* Task directions *
From the line containing "Chaussure en toile" to the last line of the listing, transcribe exactly and add nothing else; keep both ends and omit pictures.
*** Opening of Study material ***
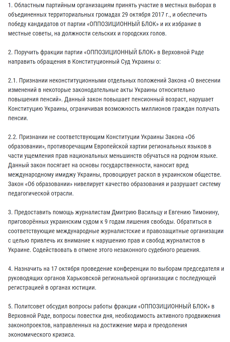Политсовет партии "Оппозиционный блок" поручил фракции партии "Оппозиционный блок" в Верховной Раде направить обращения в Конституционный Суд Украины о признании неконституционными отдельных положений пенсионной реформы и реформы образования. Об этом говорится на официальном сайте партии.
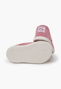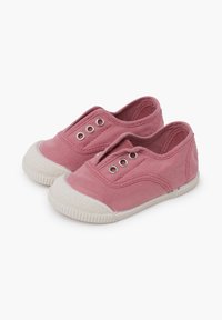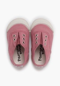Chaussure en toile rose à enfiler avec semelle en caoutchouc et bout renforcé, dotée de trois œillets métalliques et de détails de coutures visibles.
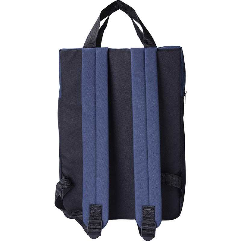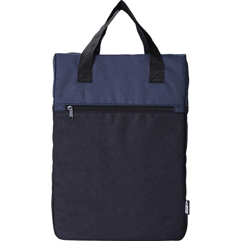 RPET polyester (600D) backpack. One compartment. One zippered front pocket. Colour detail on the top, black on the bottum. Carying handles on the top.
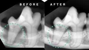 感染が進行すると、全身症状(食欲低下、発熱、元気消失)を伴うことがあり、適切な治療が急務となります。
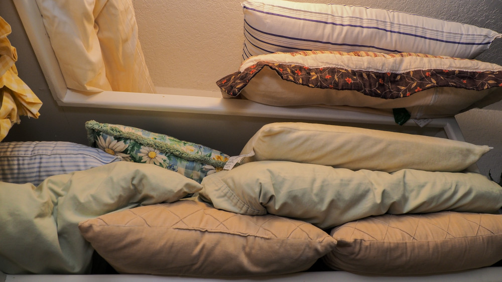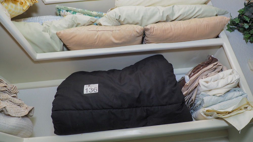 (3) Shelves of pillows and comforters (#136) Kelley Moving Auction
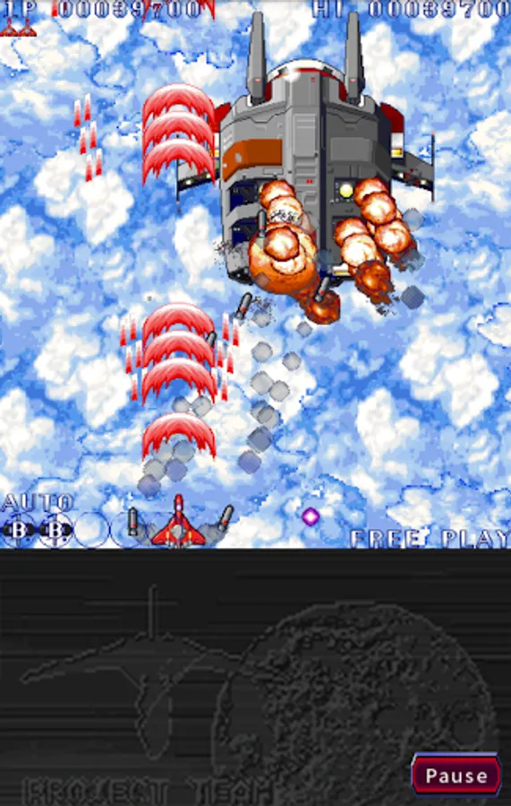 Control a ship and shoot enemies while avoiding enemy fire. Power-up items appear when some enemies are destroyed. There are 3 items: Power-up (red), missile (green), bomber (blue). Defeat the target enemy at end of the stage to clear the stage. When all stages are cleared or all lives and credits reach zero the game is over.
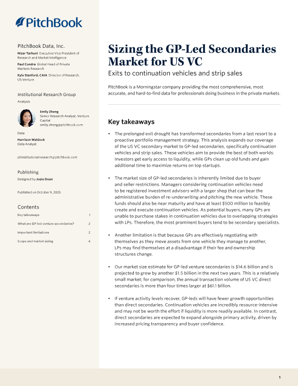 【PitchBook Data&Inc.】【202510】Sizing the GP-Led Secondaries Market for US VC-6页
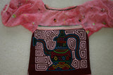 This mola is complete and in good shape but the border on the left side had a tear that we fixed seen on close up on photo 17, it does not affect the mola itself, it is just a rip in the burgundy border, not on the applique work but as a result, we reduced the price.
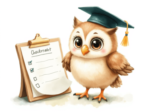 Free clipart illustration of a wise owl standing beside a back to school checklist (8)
*** Close of Study material ***
* Solution for this exercise *
Chaussure en toile rose à enfiler avec semelle en caoutchouc et bout renforcé, dotée de trois œillets métalliques et de détails de coutures visibles.
 RPET polyester (600D) backpack. One compartment. One zippered front pocket. Colour detail on the top, black on the bottum. Carying handles on the top.
 感染が進行すると、全身症状(食欲低下、発熱、元気消失)を伴うことがあり、適切な治療が急務となります。
 (3) Shelves of pillows and comforters (#136) Kelley Moving Auction
 Control a ship and shoot enemies while avoiding enemy fire. Power-up items appear when some enemies are destroyed. There are 3 items: Power-up (red), missile (green), bomber (blue). Defeat the target enemy at end of the stage to clear the stage. When all stages are cleared or all lives and credits reach zero the game is over.
 【PitchBook Data&Inc.】【202510】Sizing the GP-Led Secondaries Market for US VC-6页
 This mola is complete and in good shape but the border on the left side had a tear that we fixed seen on close up on photo 17, it does not affect the mola itself, it is just a rip in the burgundy border, not on the applique work but as a result, we reduced the price.
 Free clipart illustration of a wise owl standing beside a back to school checklist (8)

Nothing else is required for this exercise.